BRIEF ->
Pictures in the listing do not belong in the copy, which should repeat exactly the lines from the one holding "Monumento á don Emilio Cartelar en Madrid" through the last line.
******
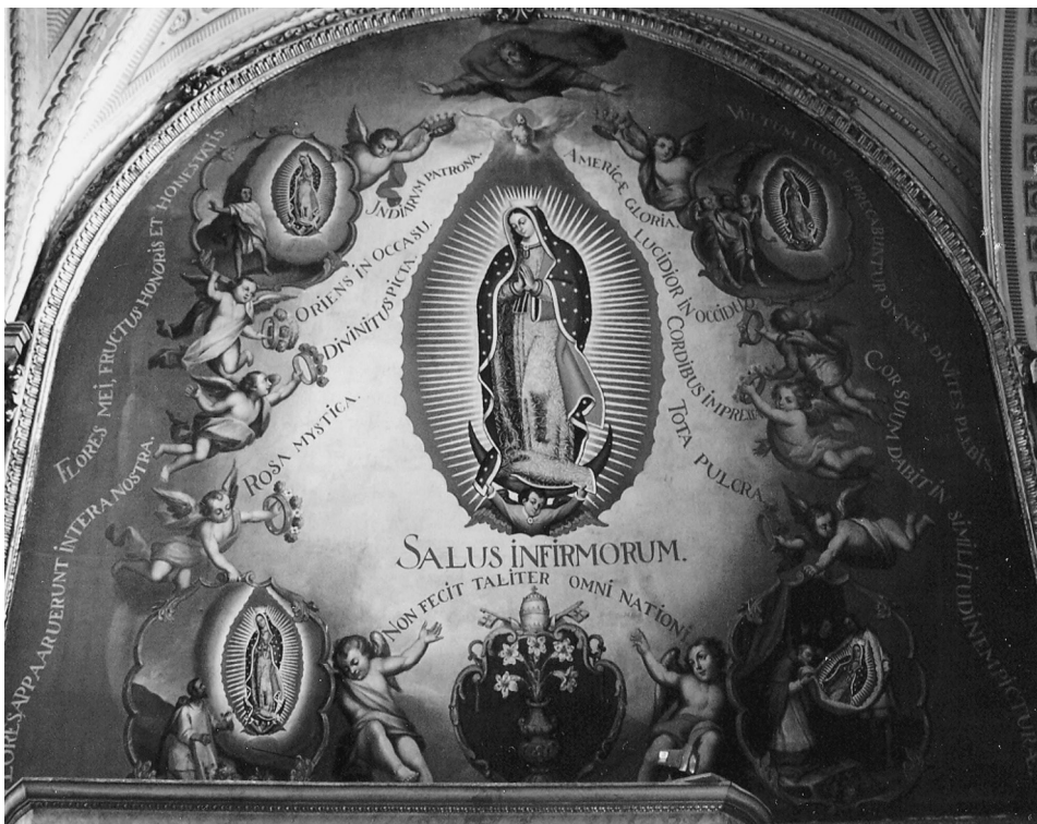
FIG. 3. Anónimo: Los milagros de la Virgen de Guadalupe. Siglo XVIII, Capilla de Nuestra Señora de los Dolores, Catedral de Puebla.

pero que no presenta tan buena calidad como las habituales obras de Luis Berrueco, el pintor dieciochesco a quien, insistentemente, se atribuye el lienzo.
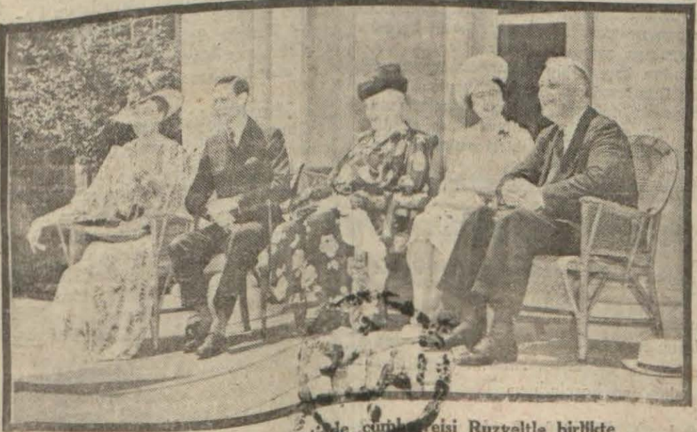
İngiltere kralı son Amerika seyahatinde cumhurbaşkanı Reisi Ruzveltle birlikte

Yeni Reiscümhur namzedi de İngiltereye yardım taraftarı!
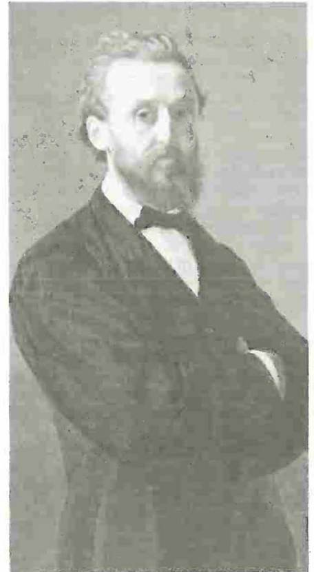
Antonio Ciseri, autoritratto.

Questa mansione viene svolta da lui con grande impegno: d'ora innanzi tornerà nel Ticino ogni anno a fine luglio e spesso in settembre o in maggio,
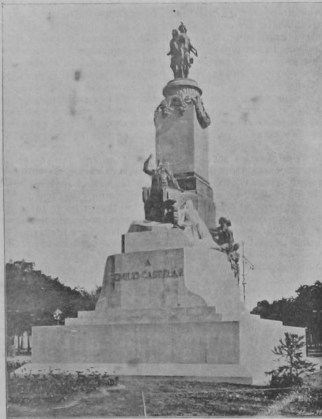
Monumento á don Emilio Cartelar en Madrid

á los del Congreso, puestos diagonalmente; colocada entre ellos, en actitud de hablar, alta la cabeza, extendida la diestra, está la figura de Castelar, también de bronce, parecidísima de rostro y de apostura, y llena de dignidad y nobleza.
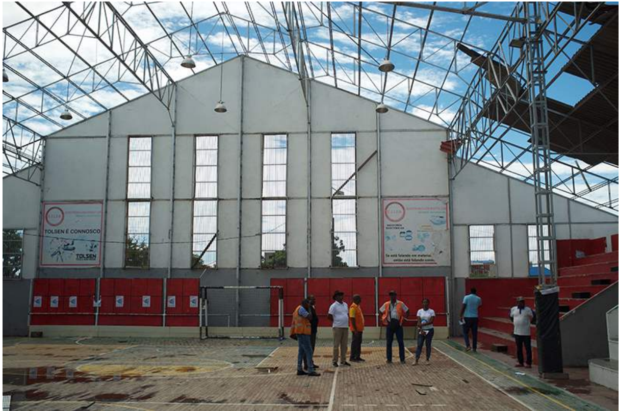
Figure 4 gymnase censé servir d'abris
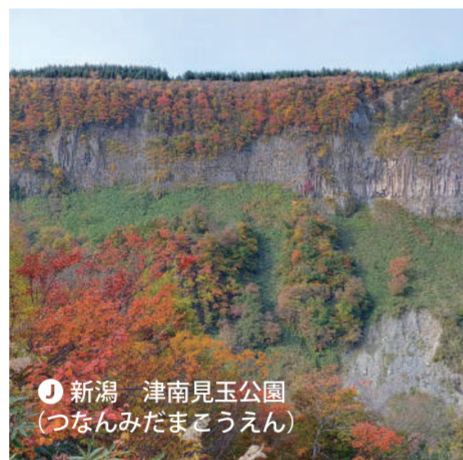
J 新潟 津南見玉公園 (つなんみたまこうえん)
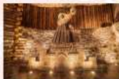
เหมืองเกลือวิลิชก้า
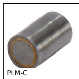
PLM-C Magnete cilindrico di fermo, Magnete di fermo cilindrico
******
THE COMPLETED TASK ->
Monumento á don Emilio Cartelar en Madrid

á los del Congreso, puestos diagonalmente; colocada entre ellos, en actitud de hablar, alta la cabeza, extendida la diestra, está la figura de Castelar, también de bronce, parecidísima de rostro y de apostura, y llena de dignidad y nobleza.
Figure 4 gymnase censé servir d'abris
J 新潟 津南見玉公園 (つなんみたまこうえん)
เหมืองเกลือวิลิชก้า
PLM-C Magnete cilindrico di fermo, Magnete di fermo cilindrico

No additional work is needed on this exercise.